I put this up first because I dislike saying Battlecode is a bad competition because it is the very reason I’m where I am right now. I’m working at QuantCo as an intern purely because of Battlecode. I’m interested in AI because of Battlecode. I’m interested in Computer Science and Cognitive Science because of Battlecode (and a few other factors). So no hard feelings @Battlecode devs, but Battlecode still needs a lot of work and the current state unfortunately clouds all the great work Battlecode has done over the years.

This post provides a survey of a few competitions presented as mini case studies, pointing out what is great and what is not so great. In particular, I have selected Battlecode, Halite, Terminal, CodinGame and Screeps. These 5 (in my opinion) span the general spectrum of the current state of AI programming challenges. Lastly, I also give a overview of the Lux AI Challenge and give it a similar sort of “case study” treatment.

If you don’t know what an AI programming challenge is, it’s effectively programming a virtual bot to compete against other bots in a game.

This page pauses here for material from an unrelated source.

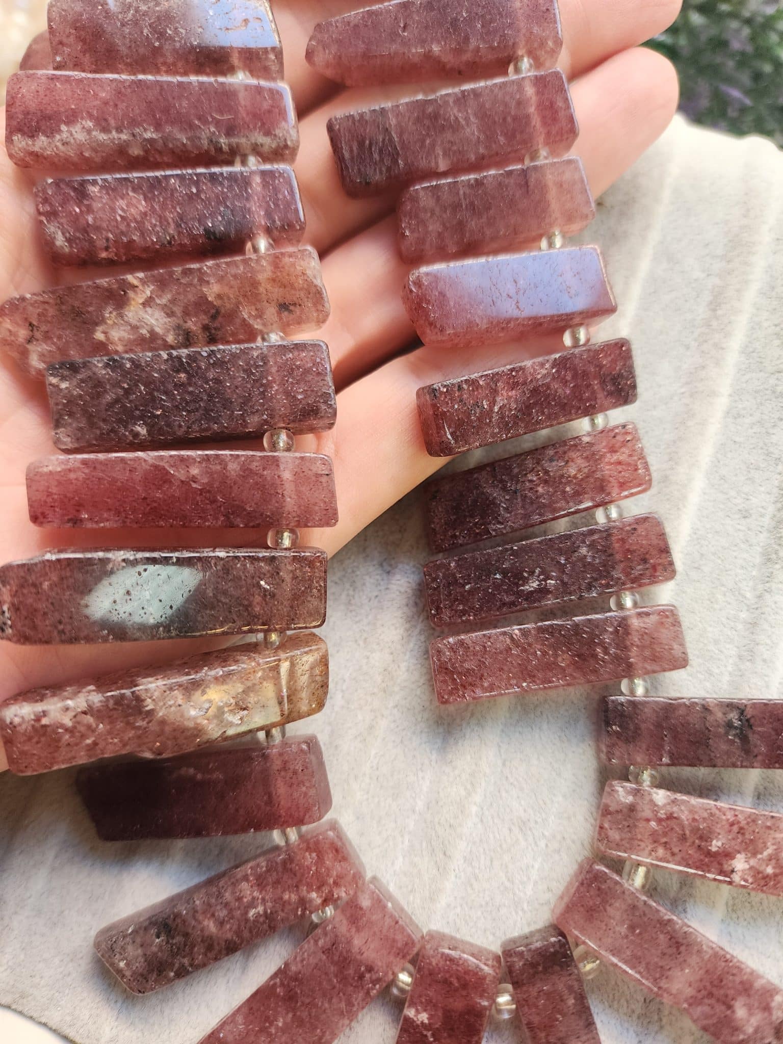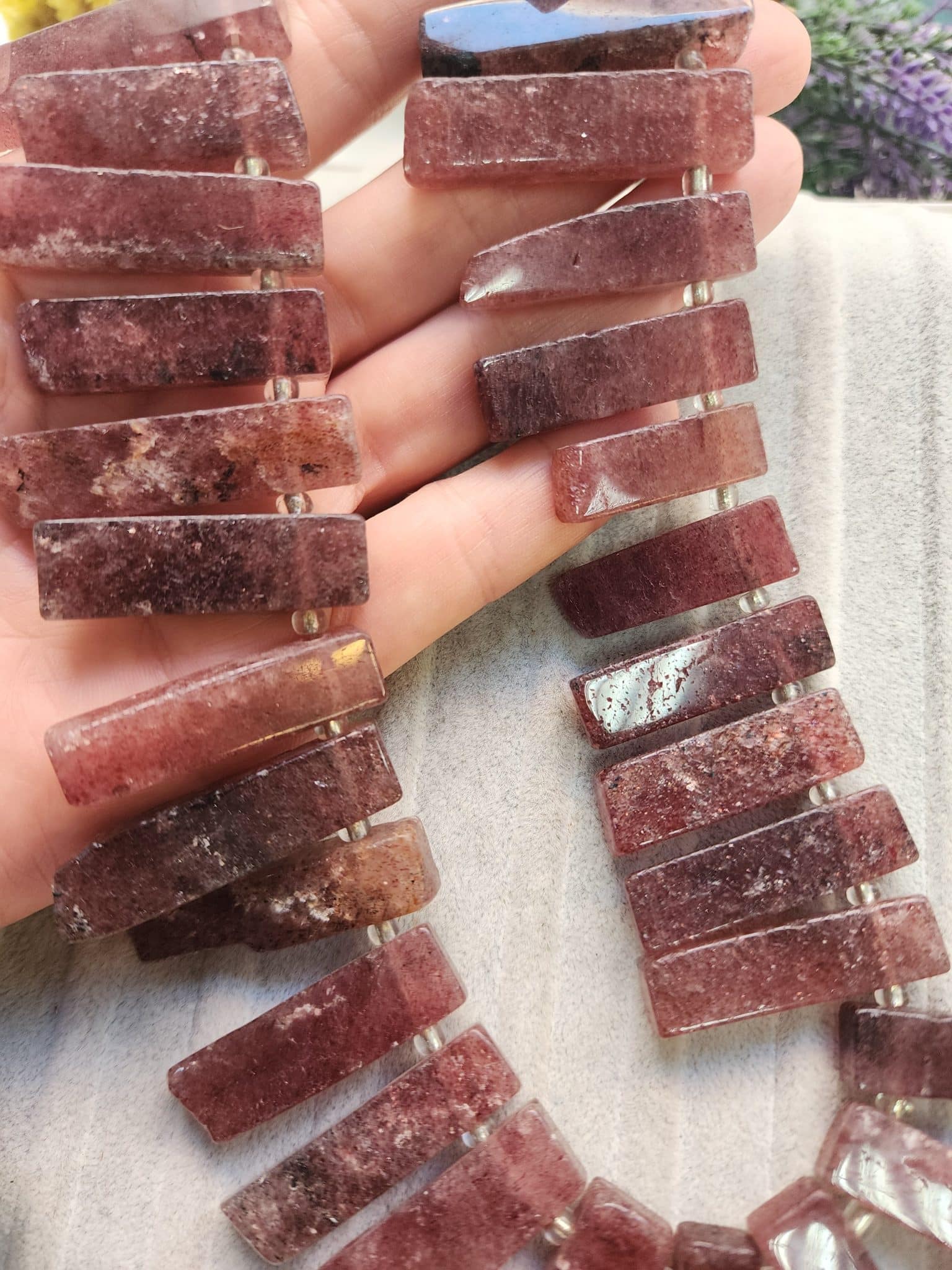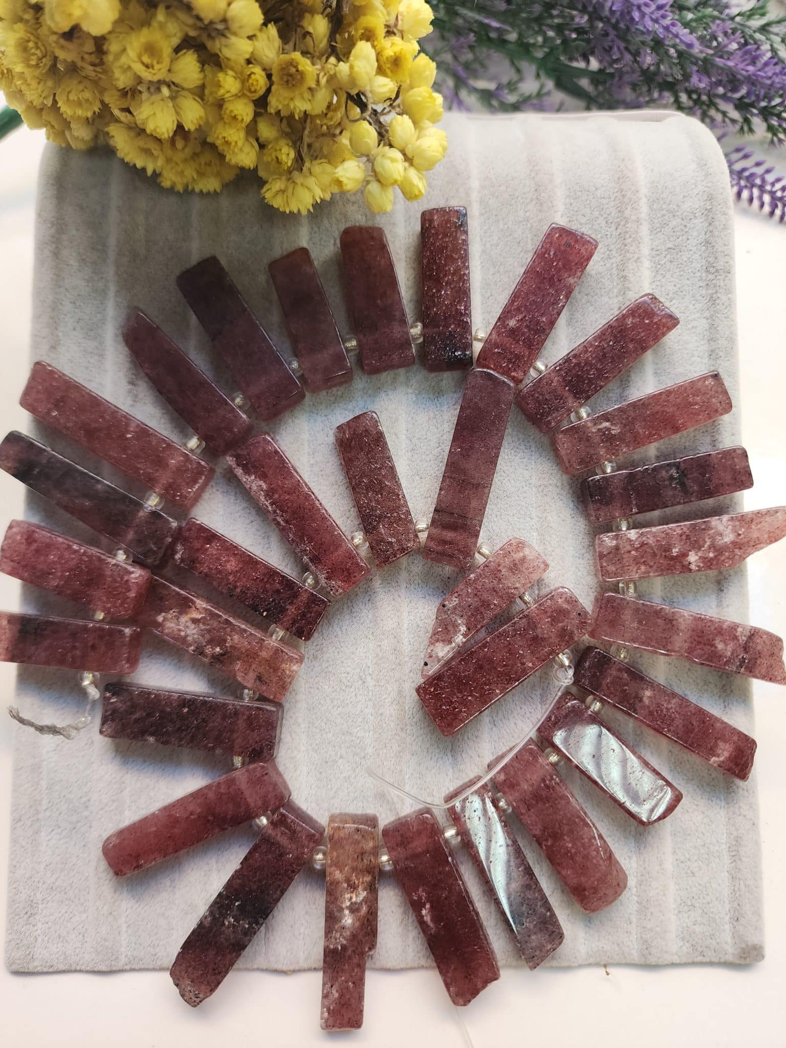 - 1 dizi Çubuk Çilek Kuvars Taşında 30 Adet Doğal Taş Boncuk Bulunur.

And tldr; My current ranking of AI challenges, weighing factors like game design, quality, tooling, and community building:

  1. Lux AI Challenge (not biased at all) 2. Screeps 3. Halite 4. Battlecode 5. CodinGame 6. Terminal

Case Studies

Battlecode

Here’s what Battlecode gets right. Community. Right from the start, you join a (rather niche) online community of people who love to compete in AI programming competitions, talk strategy, code, and random other things. Battlecode has built a following, an alumni network, and online community over its decades old history of existence and recently has done well to maintain that to some extent. You will literally see previous winners who now work full-time come back as company representatives for recruiting. There are also a number of blog posts online which have “cult” like following in that a ton of people read them, e.g. Cory Li’s post on bytecode optimization which proves an effective toolset to have in Battlecode. Their current president, Jerry Mao is a Battlecode alumni and I’ve had some great memories competing against his teams. Their team is great at just being active in their community and taking with competitors and are extremely down to earth!

Now here’s what they get wrong

Accessibility, Barriers to entry, Game Balance, Feedback, and probably 20+ more design principles broken according to “The Design of Everyday Things” (here on out abbreviated as DOET) by Don Norman (a truly in-depth, fascinating, relevant, meaningful book)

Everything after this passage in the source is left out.